= PROBLEM TO WORK ON =
Go through the data and copy every line exactly, but not the images.

= INFORMATION SHOWN =

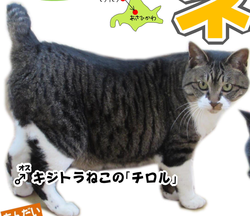
オス ♂ キジトラねこの「チロル」
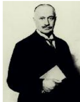
Max von Oppenheim
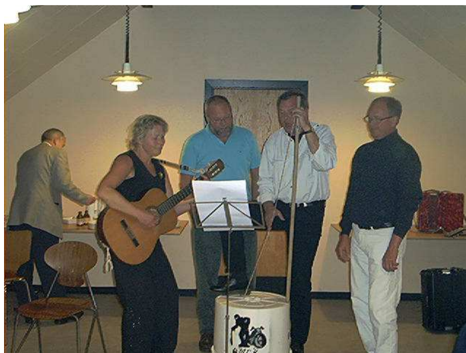
SMCK's husband optræder til afslutningsfesten.
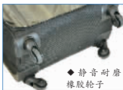
◆静音耐磨橡胶轮子
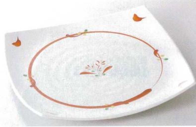
25102-176 500円 261725102 赤絵丸紋4.5正角皿 (140×140×22mm) 25103-176 1,300円 261725103 赤絵丸紋8.0正角皿 (227×227×30mm)
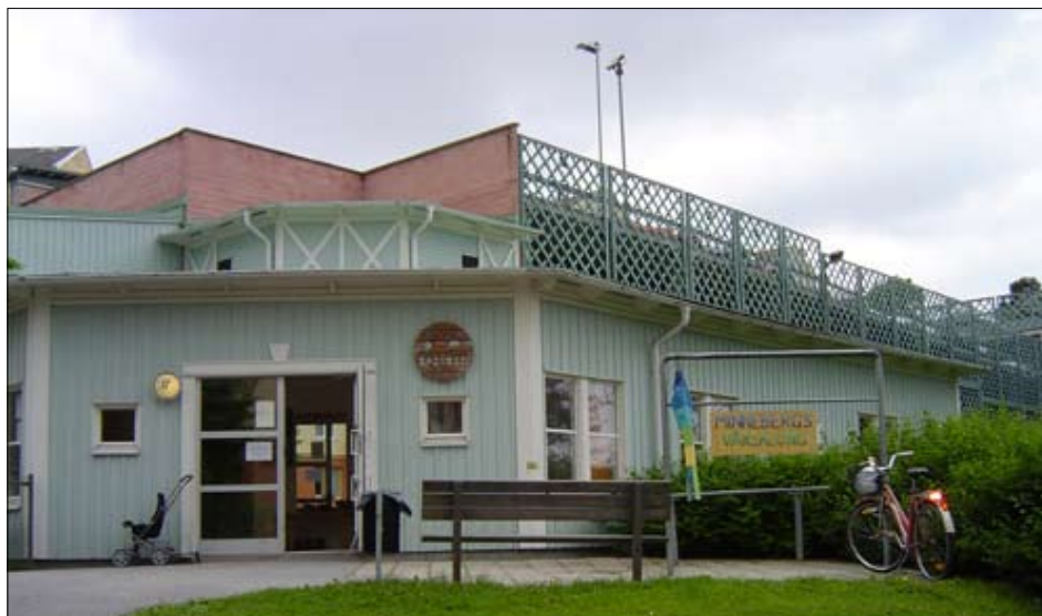
Badviken ligger på Svartviksslingan 17

I Minneberg finns det 2 samlingslokaler för större och mindre sällskap, Badviken och Båtviken. Dessa får hyras av föreningar och boende i Minneberg. Lokalerna är ganska stora och försedda med serveringskök. Porslin för middagsdukning ingår i hyran. Bokning av lokalerna sker genom Minnebergsseniörerna som har sin expedition på Svartviksslingan 59.
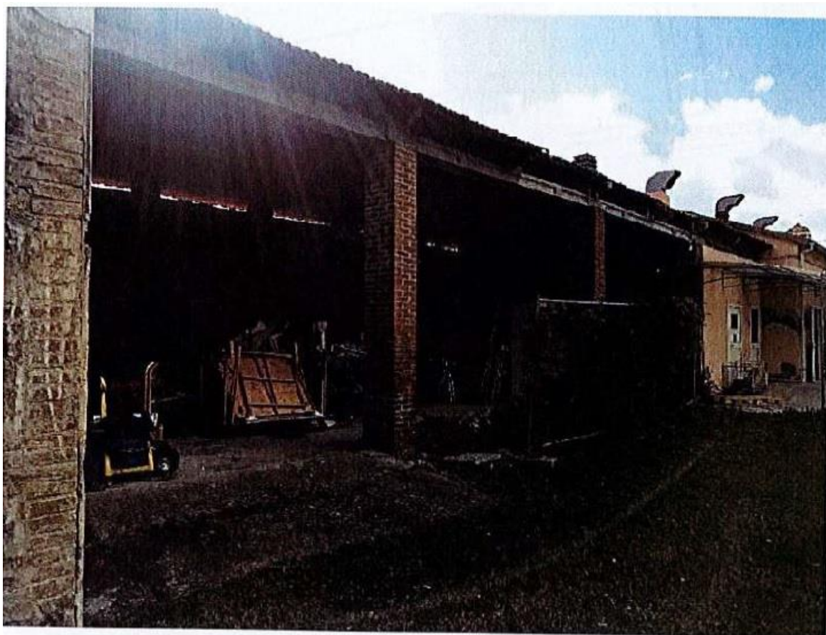
Vista sul fronte interno

= RESULT =
オス ♂ キジトラねこの「チロル」
Max von Oppenheim
SMCK's husband optræder til afslutningsfesten.
◆静音耐磨橡胶轮子
25102-176 500円 261725102 赤絵丸紋4.5正角皿 (140×140×22mm) 25103-176 1,300円 261725103 赤絵丸紋8.0正角皿 (227×227×30mm)
Badviken ligger på Svartviksslingan 17

I Minneberg finns det 2 samlingslokaler för större och mindre sällskap, Badviken och Båtviken. Dessa får hyras av föreningar och boende i Minneberg. Lokalerna är ganska stora och försedda med serveringskök. Porslin för middagsdukning ingår i hyran. Bokning av lokalerna sker genom Minnebergsseniörerna som har sin expedition på Svartviksslingan 59.
Vista sul fronte interno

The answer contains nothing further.